InDesign CS2 provides an export format called Interchange (INX) This produces an xml document which can be used for rolling InDesign documents back to previous versions. Although Adobe documentation denotes that this format should only be used for backward compatibility because it may change the INX schema in future releases, a tinkering guy like myself cant help but notice that if we generate an INX document from an XSL transformation on raw data we have a means of generating unique InDesign documents instead of using XML feeds.

To introduce a proof-of-concept I constructed an InDesign document based upon a PIL from a brand of well known hay-fever tablets. I then exported this format out as INX format using the exported INX as a guide attempted to produce and XSLT to take data from KMS and run out a formatted InDesign document. This works!

A few things are worth noticing:

ACE processing instructions: these insert characters disallowed in a well formed XML document - see http://partners.adobe.com/public/developer/indesign/sdk/explodedSDK/cs.01/docs/references/api/TextChar_8h-source.html
for a full listing

aid procssing instructions: these a markers and usually can be ignored when producing an INX using XSLT

Text nodes - each text node is preceded with c_ - this indicates that the element content is a string.

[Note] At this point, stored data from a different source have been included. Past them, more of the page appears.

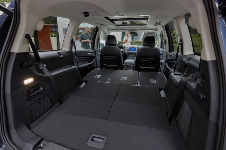 Both cars get mild styling tweaks to the front end, with more chrome, a mesh grille insert for the ST-Line versions and satin chrome trim for posh Vignale models. You can also, optionally, pick 19-inch ‘Premium Luster (sic) Nickel' alloy wheels. All the back seats flip and fold in 32 different configurations and both cars have second and third rows that can be tumbled flat from a handle in the boot. The Galaxy also gets optional power-folding for the third row.
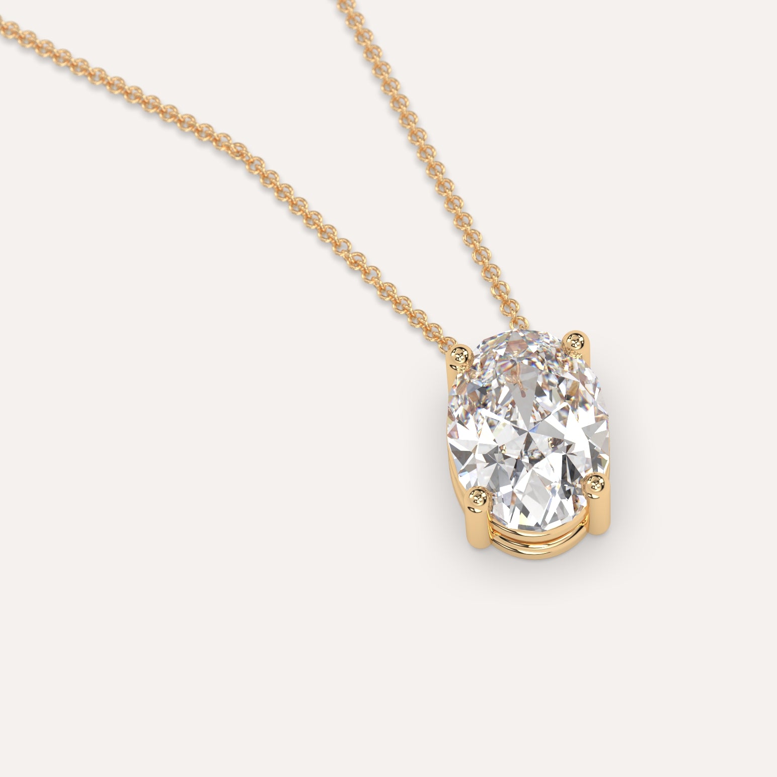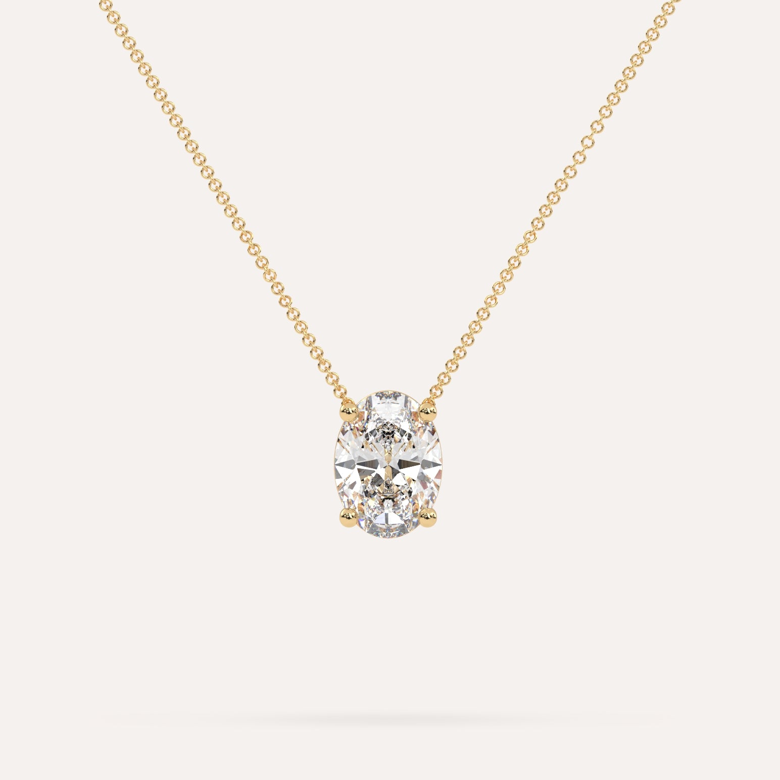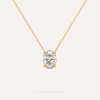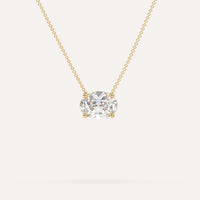 שרשרת יהלום מרחף המשובצת יהלום מעבדה 3 קראט אובל בזהב צהוב 14K. השרשרת מגיעה בעיצוב קלאסי, מיוצרת בעבודת יד כחול לבן.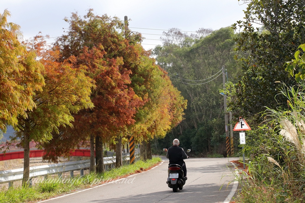 苗栗縣通霄鎮隱藏一條長達1.2公里的落羽松大道,松樹開始轉紅囉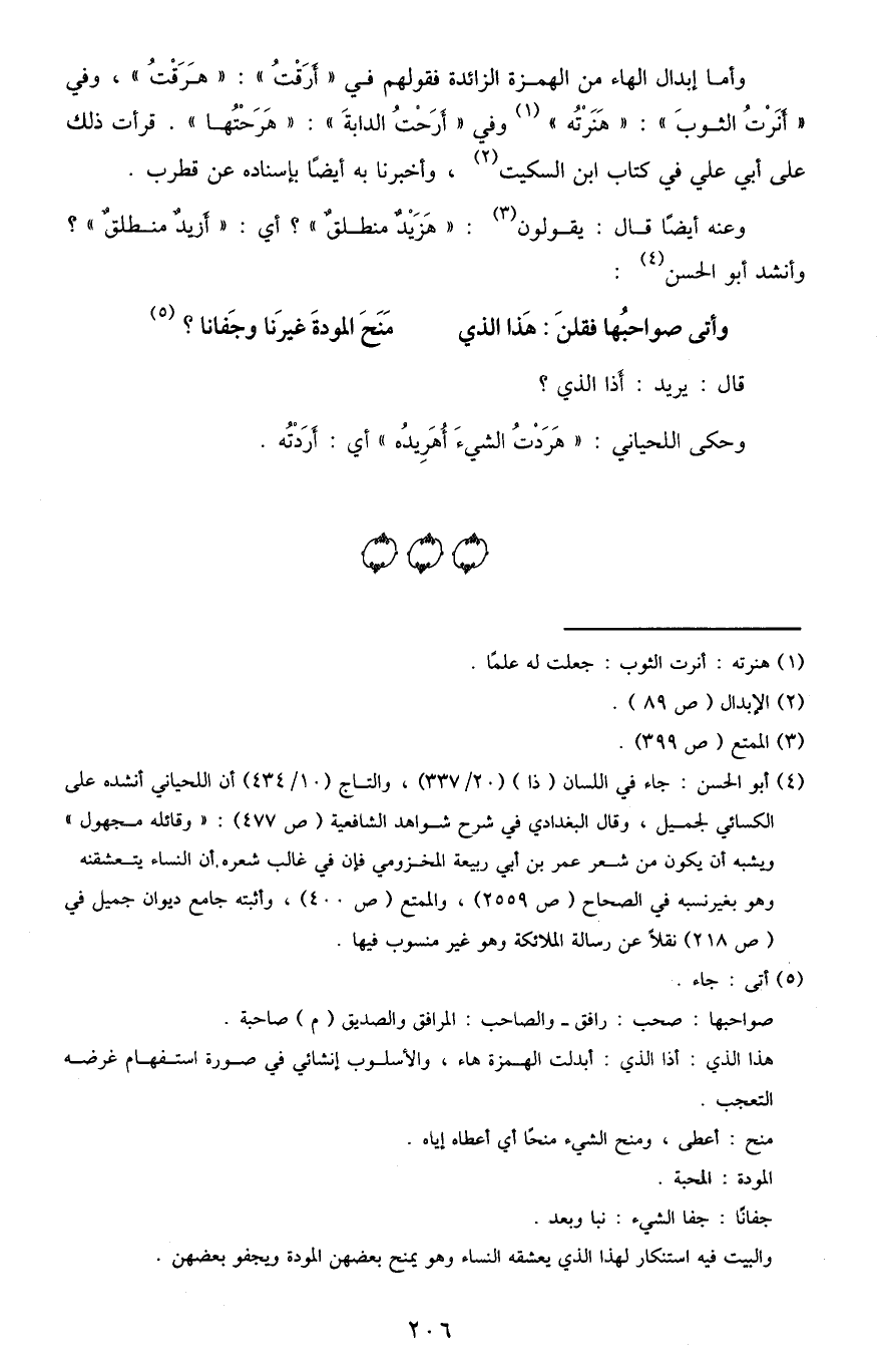 وأما إبدال الهاء من الهمزة الزائدة فقولهم في "أرقْتُ": "هرقْتُ"، وفي "أنرْتُ الثوب": "هنرْتُه"1 وفي "أرحْتُ الدابةَ": "هرحتُها". قرأت ذلك على أبي علي في كتاب ابن السكيت2، وأخبرنا به أيضًا بإسناده عن قطرب.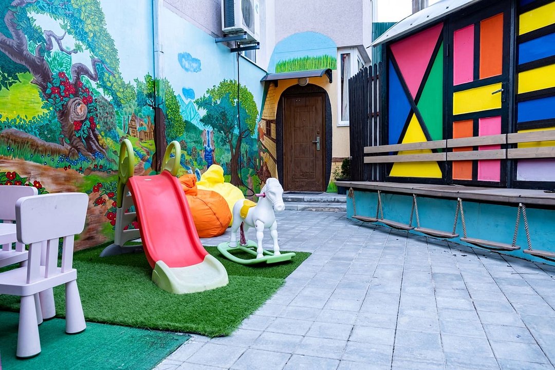 - для детей: детская площадка с горками и батутами, детские кроватки
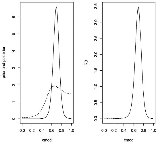 If the full data set is based on sampling scheme (ii), then  binomial A natural prior  to place on w is a beta distribution. The hyperparameters are chosen based on the elicitation algorithm discussed in [] where interval  is chosen such that it is believed that  with prior probability  Here  is chosen so that we are virtually certain that  and  then seems like a reasonable choice. Note that choosing  corresponds to w being known and so  in that case. Next pick a point  for the mode of the prior and a reasonable choice might be  Then putting  leads to the parameterization beta beta where  locates the mode and  controls the spread of the distribution about  Here  gives the uniform distribution and  gives the distribution degenerate at  With  specified,  is the smallest value of  such that the probability content of  is  and this is found iteratively. For example, if  and  so w is known reasonably well, then  and  so the prior is beta and the posterior is beta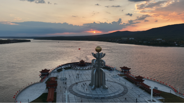 此时,乌苏里江的江面开始微微泛红,太阳缓缓跃出地平线,阳光透过云层洒在大地上,金色的光芒瞬间洒满广场,人群中响起此起彼伏的惊叹,快门声连成一片。重庆游客谢平激动地表示,看到祖国越来越强大,真的是发自内心的高兴,祝愿伟大的祖国繁荣昌盛,国泰民安!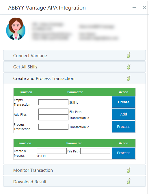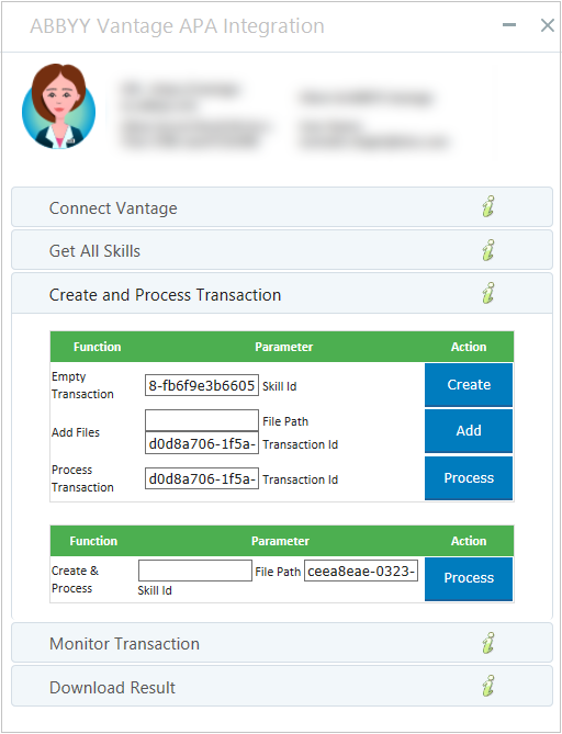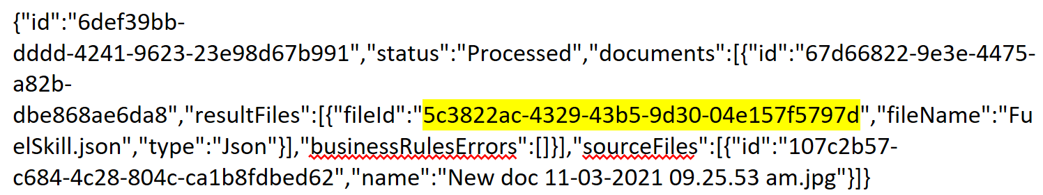 | 11. | To download the result, expand Download Result, copy in the File Id (the Transaction Id is automatically filled in) and click Download For details on the results, see ABBYY Vantage Library Objects. |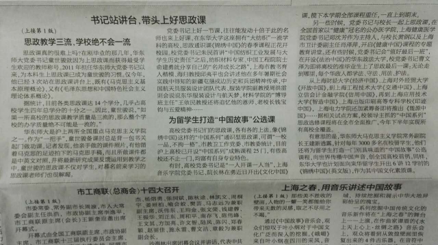 另一些时候,党委书记与校长一起上思政课,在全国首家以“健康”冠名的公办医学院,上海健康医学院党委书记郑沈芳作为主持人,与校长黄钢以及上海市卫计委副主任肖泽萍,开启《健康中国》课程的专题教育讲堂。还有些时候,党委书记会“值好最后一班”,在开设《法治中国》的华东政法大学,校党委书记曹文泽为即将离校的准毕业生上了思政最后一课:无论走到哪里,每个华政人都学法、守法、用法、护法。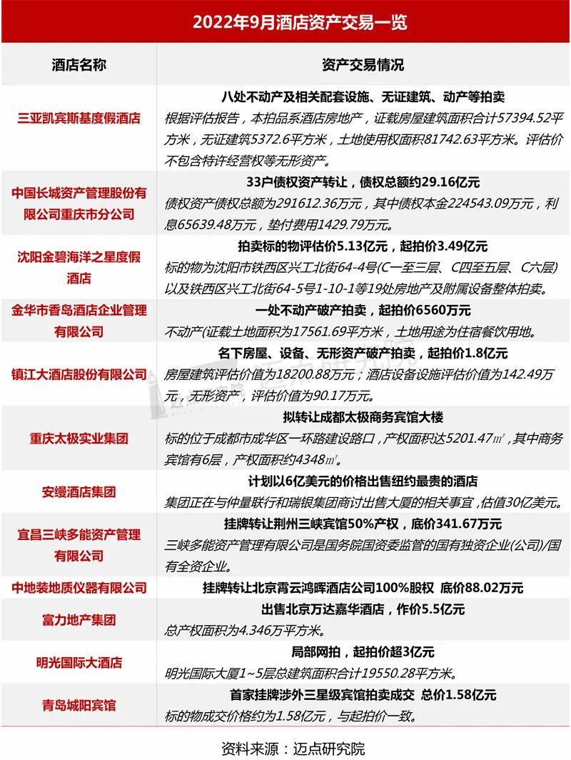 4.酒店资产交易:酒店经营遭困局,拍卖出售转让交易活跃

Lists - an IX list is contained within a <pcnt> element and each item is separated by a paragraph break

Hidden InDesign Characters

An interesting aspect I have come across when trying to introduce InDesign into workflows is the use of "hidden characters" in the exported xml and InDesign Interchange formats that denote line and paragraph breaks. Viewing in UTF-8 they are completely hidden, changing to an ANSI view they are displayed as "รข€©" - thats without the speech marks.
This can cause issues when using an XSL transformation to generate data for use within InDesign. Without these hidden characters all paragraph and line breaks cease to exist in the document.
The initial trick I used to to get around this was to include a named template thus:
<xsl:template name="break">
<xsl:text>
</xsl:text>
</xsl:template>
This was called each time a paragraph break was needed.
More recently I have found that using the character entities &#x2028; (for a paragraph break) and &#x2029; (for a line break) does the same trick.